* **INFORMATION PROVIDED**

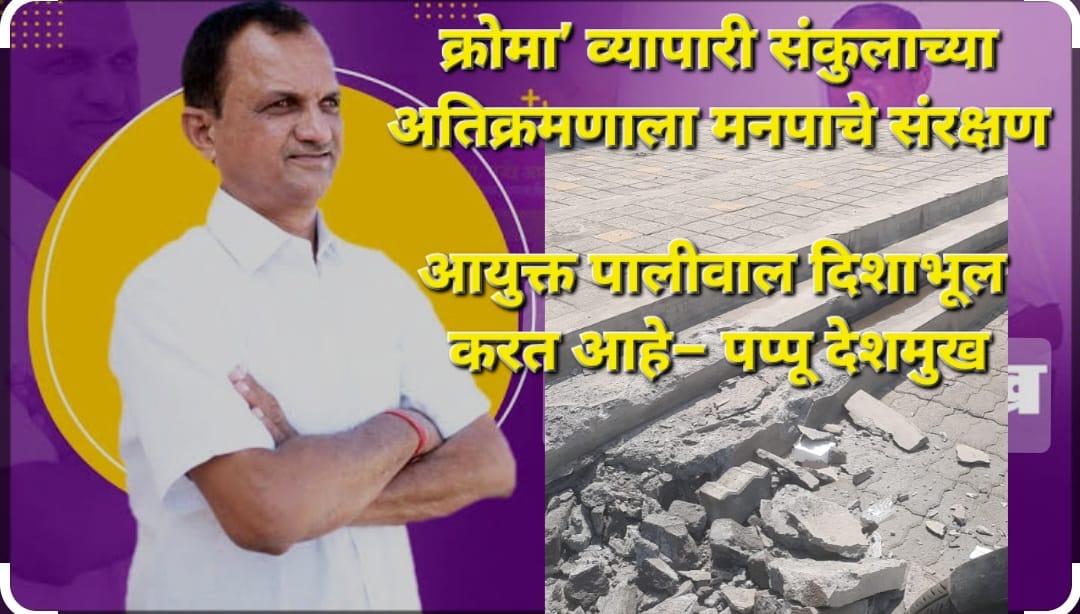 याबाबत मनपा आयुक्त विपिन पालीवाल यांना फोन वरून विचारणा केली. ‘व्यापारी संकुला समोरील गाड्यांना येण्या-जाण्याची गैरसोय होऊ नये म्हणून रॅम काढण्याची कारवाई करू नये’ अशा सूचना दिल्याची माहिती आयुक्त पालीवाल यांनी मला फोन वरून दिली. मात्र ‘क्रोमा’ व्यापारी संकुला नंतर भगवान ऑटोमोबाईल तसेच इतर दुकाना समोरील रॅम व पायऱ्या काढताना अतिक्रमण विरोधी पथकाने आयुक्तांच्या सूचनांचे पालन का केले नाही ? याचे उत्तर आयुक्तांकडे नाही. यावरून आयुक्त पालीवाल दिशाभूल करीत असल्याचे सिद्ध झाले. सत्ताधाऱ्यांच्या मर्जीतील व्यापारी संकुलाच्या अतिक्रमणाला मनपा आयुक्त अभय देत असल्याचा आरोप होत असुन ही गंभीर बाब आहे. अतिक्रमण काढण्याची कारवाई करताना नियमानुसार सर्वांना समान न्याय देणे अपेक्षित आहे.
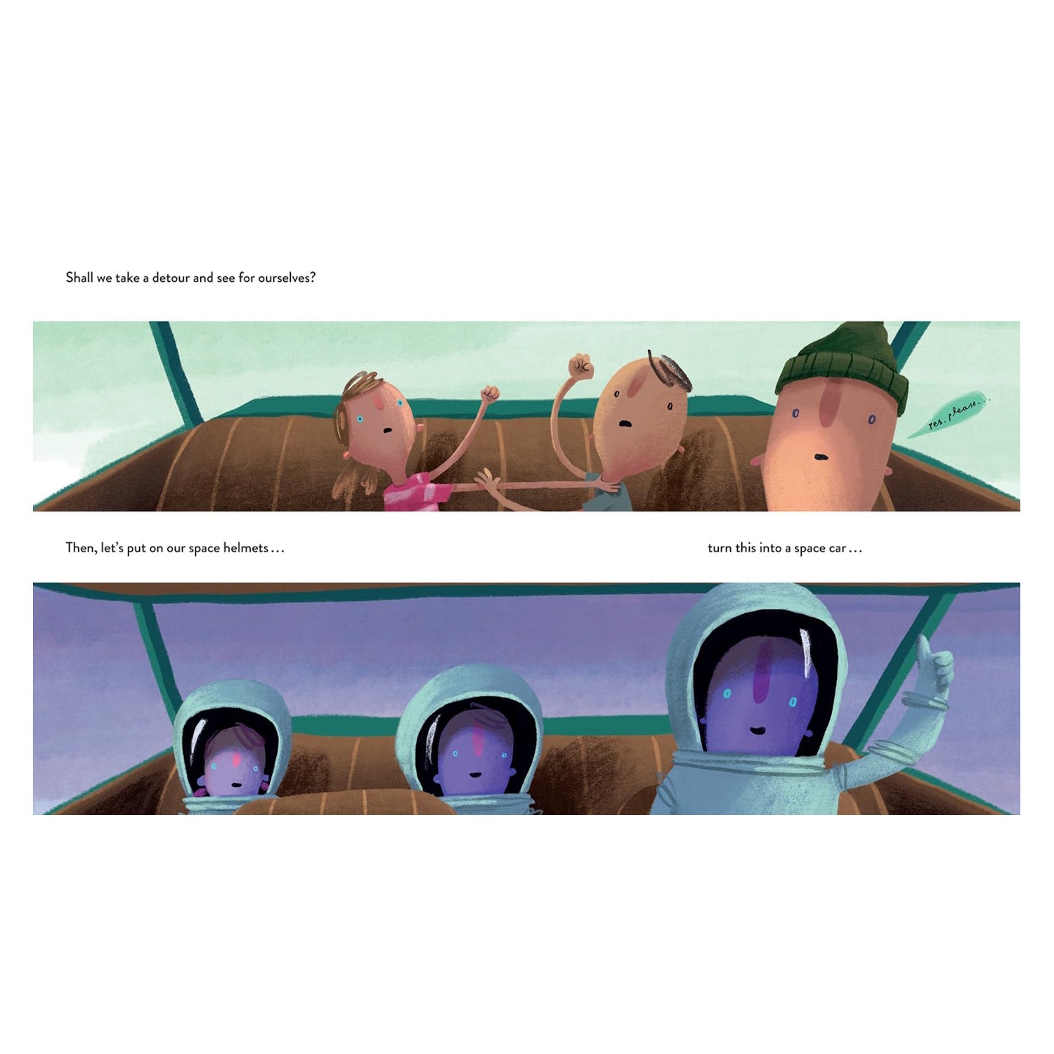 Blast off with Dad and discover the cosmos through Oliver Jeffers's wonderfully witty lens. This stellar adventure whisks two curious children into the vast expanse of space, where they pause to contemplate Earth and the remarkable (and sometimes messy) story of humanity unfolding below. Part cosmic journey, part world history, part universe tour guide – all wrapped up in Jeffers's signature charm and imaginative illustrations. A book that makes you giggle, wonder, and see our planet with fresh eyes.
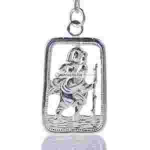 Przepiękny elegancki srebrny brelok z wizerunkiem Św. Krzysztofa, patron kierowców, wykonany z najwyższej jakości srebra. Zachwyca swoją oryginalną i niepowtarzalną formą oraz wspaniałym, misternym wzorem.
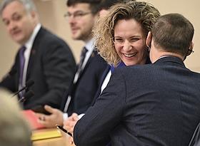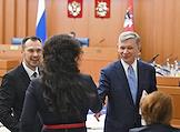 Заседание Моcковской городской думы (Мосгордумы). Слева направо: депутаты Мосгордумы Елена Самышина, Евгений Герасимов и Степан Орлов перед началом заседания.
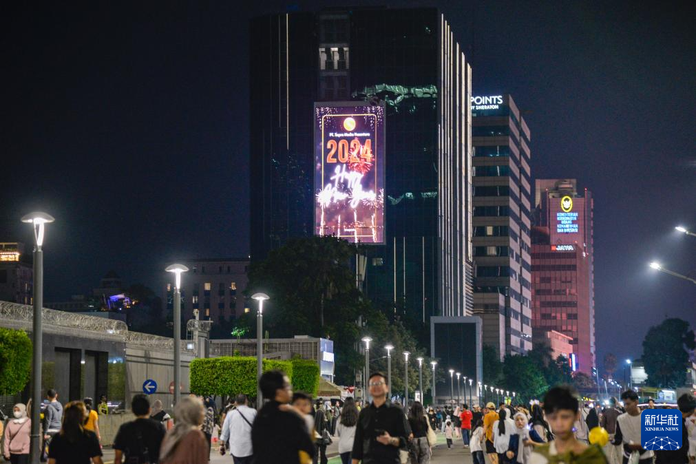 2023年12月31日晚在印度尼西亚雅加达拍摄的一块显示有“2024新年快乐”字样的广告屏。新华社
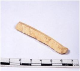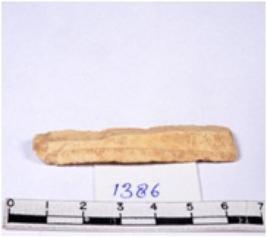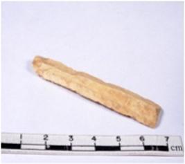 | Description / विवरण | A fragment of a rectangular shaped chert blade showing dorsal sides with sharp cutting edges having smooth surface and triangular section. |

* **WHAT THIS TASK INVOLVES**
Write out the line that contains "Заседание Моcковской городской" and every line after it to the end of the data, exactly as they stand. Omit the pictures.

* **FINAL ANSWER**
 Заседание Моcковской городской думы (Мосгордумы). Слева направо: депутаты Мосгордумы Елена Самышина, Евгений Герасимов и Степан Орлов перед началом заседания.
 2023年12月31日晚在印度尼西亚雅加达拍摄的一块显示有“2024新年快乐”字样的广告屏。新华社
 | Description / विवरण | A fragment of a rectangular shaped chert blade showing dorsal sides with sharp cutting edges having smooth surface and triangular section. |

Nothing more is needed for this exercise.